**Entries shown:**
-=-=-=-=-
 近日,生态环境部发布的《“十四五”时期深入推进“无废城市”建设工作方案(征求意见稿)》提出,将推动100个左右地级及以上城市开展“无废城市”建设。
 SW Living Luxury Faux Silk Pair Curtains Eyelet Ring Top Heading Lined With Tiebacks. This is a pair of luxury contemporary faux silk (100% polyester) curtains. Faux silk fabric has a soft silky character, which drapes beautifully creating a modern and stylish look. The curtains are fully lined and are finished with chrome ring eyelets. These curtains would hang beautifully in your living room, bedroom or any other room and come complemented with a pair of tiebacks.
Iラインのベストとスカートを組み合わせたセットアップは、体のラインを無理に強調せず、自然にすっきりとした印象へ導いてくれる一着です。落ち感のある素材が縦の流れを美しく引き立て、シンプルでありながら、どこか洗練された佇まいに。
-=-=-=-=-
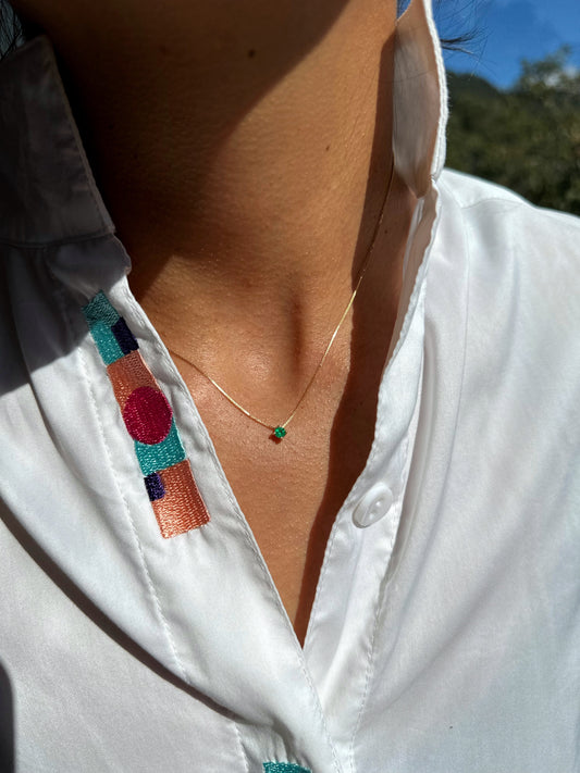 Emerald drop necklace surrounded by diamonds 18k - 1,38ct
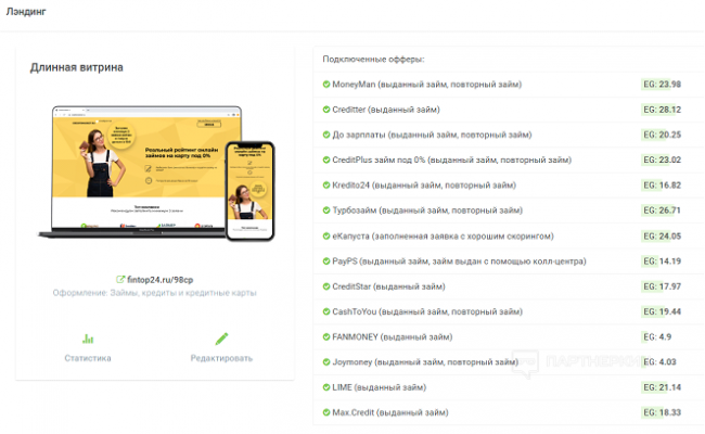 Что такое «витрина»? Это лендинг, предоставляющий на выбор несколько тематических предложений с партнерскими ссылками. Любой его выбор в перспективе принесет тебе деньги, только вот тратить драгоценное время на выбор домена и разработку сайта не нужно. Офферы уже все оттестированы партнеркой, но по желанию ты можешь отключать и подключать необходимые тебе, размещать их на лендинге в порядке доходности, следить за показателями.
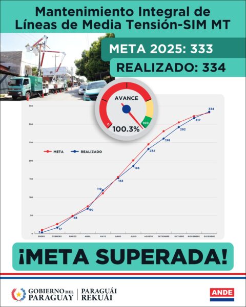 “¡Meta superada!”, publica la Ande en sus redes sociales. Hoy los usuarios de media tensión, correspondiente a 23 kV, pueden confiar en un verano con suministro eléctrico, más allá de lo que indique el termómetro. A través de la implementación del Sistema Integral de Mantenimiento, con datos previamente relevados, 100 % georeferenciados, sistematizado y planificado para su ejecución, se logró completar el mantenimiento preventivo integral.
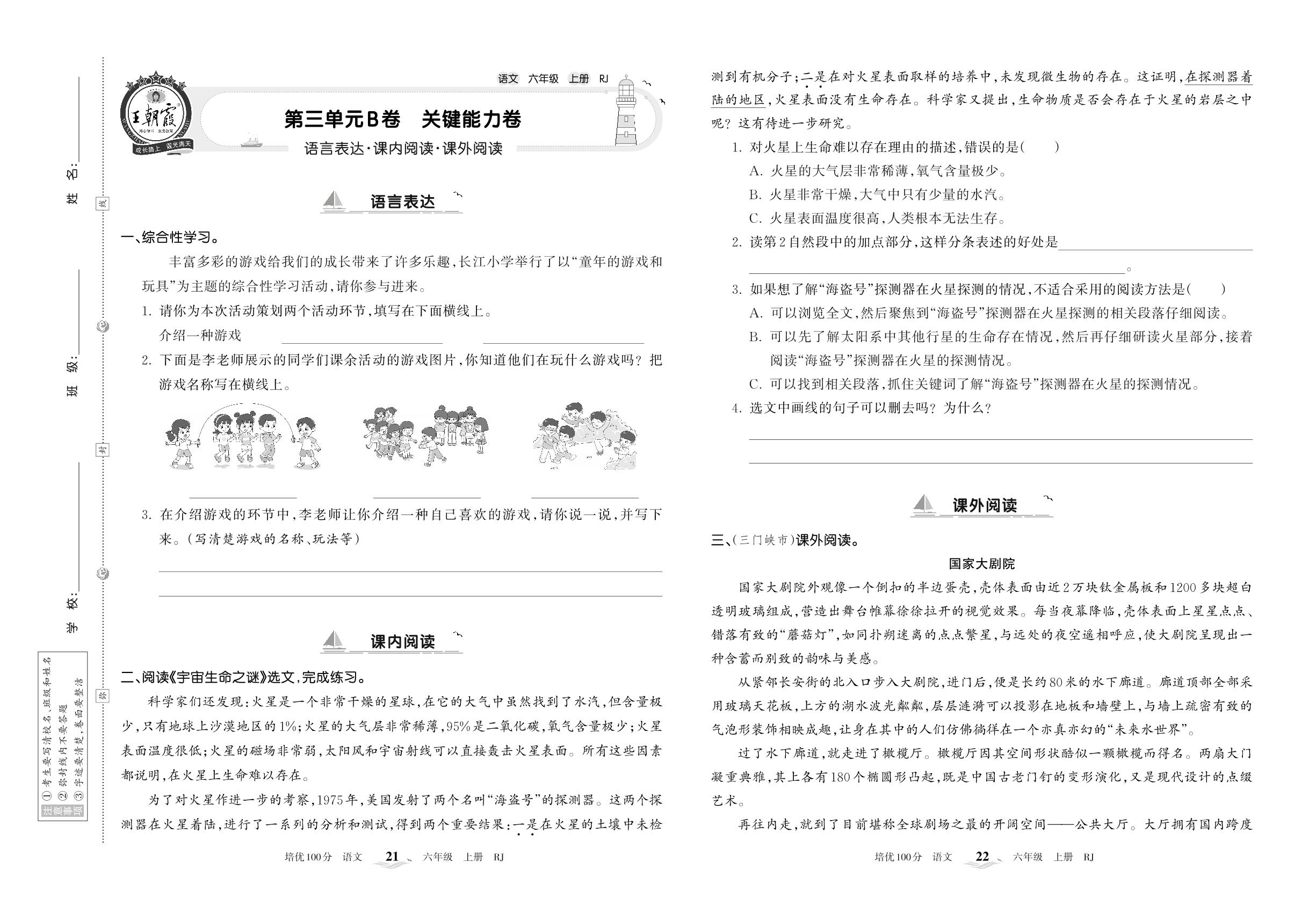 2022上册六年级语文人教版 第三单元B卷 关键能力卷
-=-=-=-=-
**What the task asks:**
For the material above, reproduce exactly the lines from the line with "SW Living Luxury" to the line with "Iラインのベストとスカートを", inclusive, and exclude all others.

**Solution for this exercise:**
 SW Living Luxury Faux Silk Pair Curtains Eyelet Ring Top Heading Lined With Tiebacks. This is a pair of luxury contemporary faux silk (100% polyester) curtains. Faux silk fabric has a soft silky character, which drapes beautifully creating a modern and stylish look. The curtains are fully lined and are finished with chrome ring eyelets. These curtains would hang beautifully in your living room, bedroom or any other room and come complemented with a pair of tiebacks.
Iラインのベストとスカートを組み合わせたセットアップは、体のラインを無理に強調せず、自然にすっきりとした印象へ導いてくれる一着です。落ち感のある素材が縦の流れを美しく引き立て、シンプルでありながら、どこか洗練された佇まいに。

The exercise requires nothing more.